The a.out is one of the output file formats. But as we see from the editor it's now written using ELF (Executable and Linkable Format) format in most of the linux systems.
Actually, executable code is created by the compiler and the linker, but it's the linker that puts things in the binary format. On Linux, this format is typically ELF, on Windows it's PE (Portable Executable), a modified version of the Unix COFF file format, including object code and DLLs, and on Mac OS X it's Mach-O.
It contains metadata, and multiple sections of code and data. They will be loaded into memory. The a.out is written that's can not be easily read , however, if we use objdump, we can see how the a.out looks like after being translated machine code for the main() function.
$ objdump -D a.out | grep -A20 main.: 08048354: 8048354: 8d 4c 24 04 lea 0x4(%esp),%ecx 8048358: 83 e4 f0 and $0xfffffff0,%esp 804835b: ff 71 fc pushl 0xfffffffc(%ecx) 804835e: 55 push %ebp 804835f: 89 e5 mov %esp,%ebp 8048361: 51 push %ecx 8048362: b8 00 00 00 00 mov $0x0,%eax 8048367: 59 pop %ecx 8048368: 5d pop %ebp 8048369: 8d 61 fc lea 0xfffffffc(%ecx),%esp 804836c: c3 ret 804836d: 90 nop 804836e: 90 nop 804836f: 90 nop 08048370 <__libc_csu_fini>: 8048370: 55 push %ebp 8048371: 89 e5 mov %esp,%ebp 8048373: 5d pop %ebp 8048374: c3 ret
The binary a.out's instructions are written in machine language that CPU can understand. Compilers are designed to translate C code into machine language for a variety of processor architectures. In our case, the processor is in a family of using x86 architecture (xeon)

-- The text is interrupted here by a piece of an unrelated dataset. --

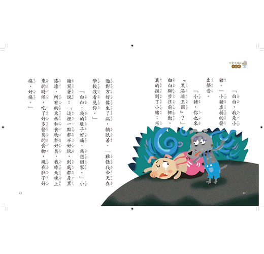 想知道黑漆漆王國究竟藏著什麼祕密嗎?趕快翻開書本,跟著白白和小豬,一起揭開黑漆漆王國的真相!

$ cat /proc/cpuinfo processor : 0 vendor_id : GenuineIntel cpu family : 6 model : 23 model name : Intel(R) Xeon(R) CPU E5405 @ 2.00GHz stepping : 6 cpu MHz : 1995.080 cache size : 6144 KB ....
Each architecture has a different machine language, so the compiler acts as a middle man, translating C code into machine language for the target architecture.
Let's look more detail about out compiled executable binary for the x86 architecture.
The objdump here is piped into grep so that the output has only show 20 lines after the main.:. In the output, each byte is represented in hexadecimal.
The hexadecimal numbers, starting with 0x08048354 on the far left, are memory addresses. We'll look each machine instructions later, but for now, let's look at the register info using GDB:
$ gcc -g main.c $ gdb -q ./a.out Using host libthread_db library "/lib/libthread_db.so.1". (gdb) break main Breakpoint 1 at 0x8048362: file main.c, line 3. (gdb) run Starting program: /home/a.out Breakpoint 1, main () at main.c:3 3 return 0; (gdb) info registers eax 0xbfec4204 -1075035644 ecx 0xbfec4180 -1075035776 edx 0x1 1 ebx 0x4a571ff4 1247223796 esp 0xbfec4164 0xbfec4164 ebp 0xbfec4168 0xbfec4168 esi 0x4a430ca0 1245908128 edi 0x0 0 eip 0x8048362 0x8048362eflags 0x282 [ SF IF ] cs 0x73 115 ss 0x7b 123 ds 0x7b 123 es 0x7b 123 fs 0x0 0 gs 0x33 51 (gdb)
The bit of the machine language instructions must be put into memory, and the layout of the memory is shown in the next section.
The picture above is the memory diagram, in which memory is divided into several regions.
Local variables declared as part of a procedure or function appear on the
top part of the diagram, which represents the stack storage or automatic storage.
Also, stack is the place where function parameters are stored. Stack is also used for storing the return address of the calling functions, and stack keeps the register contents and return address when an interrupt service routine is called.
Modern architectures typically assign lower memory addresses to addresses in the heap than they do to addresses the stack.
We have other regions in the diagram:
Data region stores global/static variables. When we start a C++ program, the compiler sets aside memory for our code (code storage or text storage), and the compiled assembly resides in the Code segment.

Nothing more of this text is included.